# Xmas hams 10



## wittdog (Dec 1, 2010)

This was supposed to be the start of my Xmass ham thread.  I placed an order for my hams…received a call that they were in…drove in the snow…and someone had absconded with my hams…Placed an order for some more hams…they should be here next week.  On the way home I stopped at the Sausage Maker and picked up some more Hickory Saw dust…to the tune of 45lbs of saw dust…


----------



## bigwheel (Dec 1, 2010)

Sorry about the dastardly deed on the hams. Crime is rampant. We even had a bank stuck up in the little hick town where I work. That just a few days ago. Good score on the sawdust. I like Hickory nearly as good as S. Texas mesquite. Hope the new set of hams turn out twice as good as the first bunch would have. 

bigwheel


----------



## Griff (Dec 1, 2010)

Must have been the Grinch.


----------



## Bruce B (Dec 1, 2010)

wittdog said:
			
		

> This was supposed to be the start of my Xmass ham thread.  I placed an order for my hams…received a call that they were in…drove in the snow…and someone had absconded with my hams…Placed an order for some more hams…they should be here next week.  On the way home I stopped at the Sausage Maker and picked up some more Hickory Saw dust…to the tune of 45lbs of saw dust…

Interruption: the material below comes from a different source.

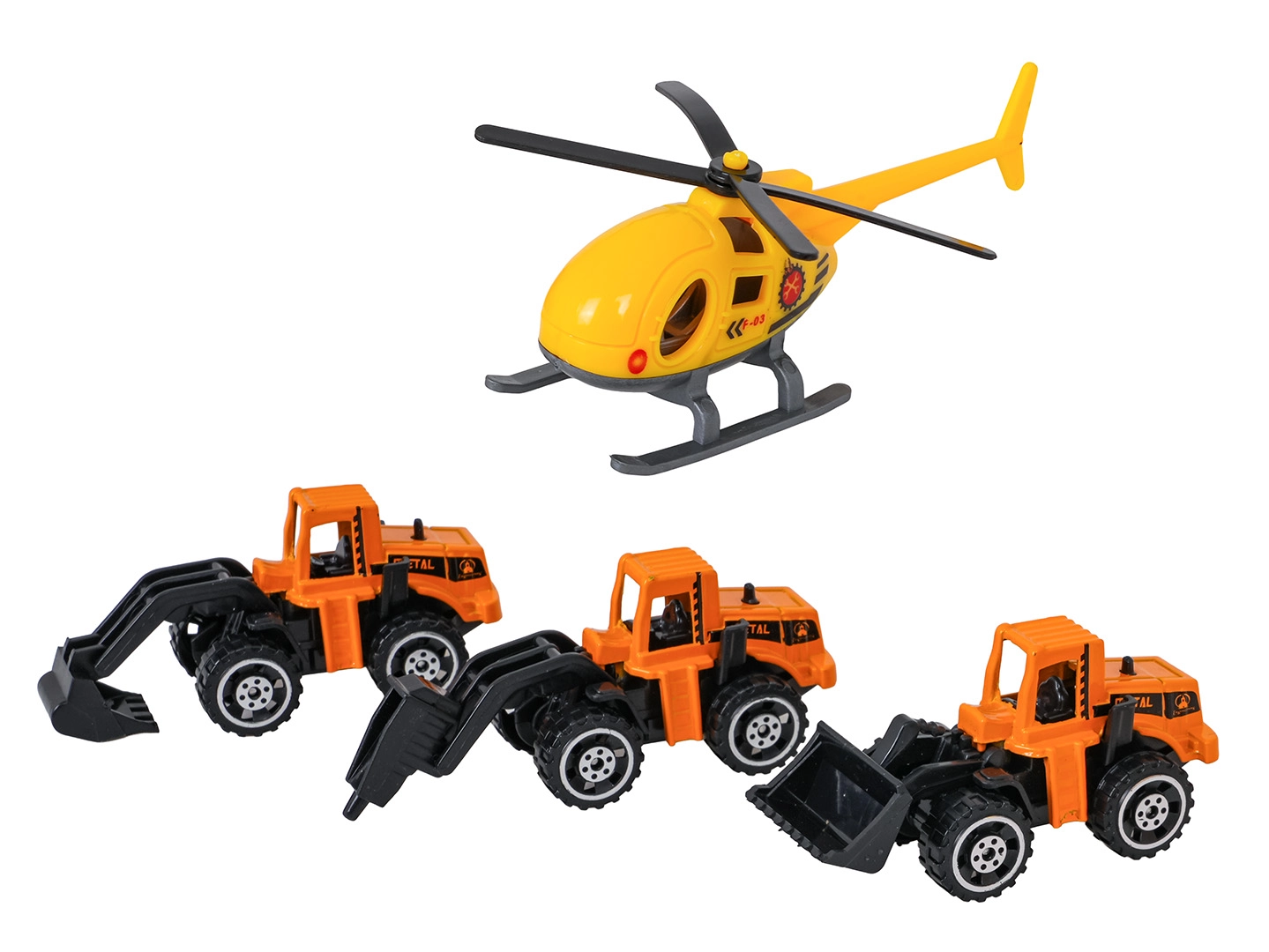 Im Set enthalten sind drei Metallmaschinen mit beweglichen Teilen und ein gelber Helikopter für Einsätze aus der Luft. Bereit für actionreiche Missionen auf der Baustelle.

You going to start bitchin' about the snow already?   
Keep it up we'll have to start calling you JP. :roll:


----------



## john pen (Dec 2, 2010)

Hey, I resemble that remark !


----------



## wittdog (Dec 6, 2010)

Today I trimmed up the hams and injected them with the brine..they will soak till Friday and then it’s into the smokehouse for 36hrs.  Brown Sugar with a touch of molasses in the cure then smoked with Hickory. The hams look good a nice fat cap and some nice marbling.


----------



## bbquzz (Dec 6, 2010)

Damn that is a big ham Dave .. I'm anxious to see the process.


----------



## wittdog (Dec 6, 2010)

It's a 20lb ham.


----------



## wittdog (Dec 10, 2010)

Twas a few weeks before Christmas and the hams were hung in the smokehouse with care…pictures of the progress to come in the am..I am off to put in a 12hr day


----------



## BeeRich (Dec 10, 2010)

Nice.  Looking forward to post-smoker pics.


----------



## wittdog (Dec 11, 2010)

12 hours of drying and the hams are a nice color…now it’s time for that hickory wind to start blowing.


----------



## Shores (Dec 11, 2010)

Looking good.


----------



## Griff (Dec 11, 2010)

It's times like this I wish I lived closer to Dave.


----------



## bbquzz (Dec 11, 2010)

This is a great thread .. I too wish I lived closer to Dave, I could get lessons and maybe a little something to eat.


----------



## wittdog (Dec 11, 2010)

They are starting to get some nice color…I don’t know if you can tell from the pic but the fat is getting that nice caramel color and the meat is that nice mahogany color.

The chamber with smoke


----------



## Vermin999 (Dec 11, 2010)

Looking great!!!


----------



## Nick Prochilo (Dec 11, 2010)

Let me tell you guys something ............. if you lived closer to Dave, you would all weigh 275 lbs! We stopped by for a visit once and I swear I gained 5 lbs!


----------



## bbquzz (Dec 11, 2010)

Nick Prochilo said:
			
		

> Let me tell you guys something ............. if you lived closer to Dave, you would all weigh 275 lbs! We stopped by for a visit once and I swear I gained 5 lbs!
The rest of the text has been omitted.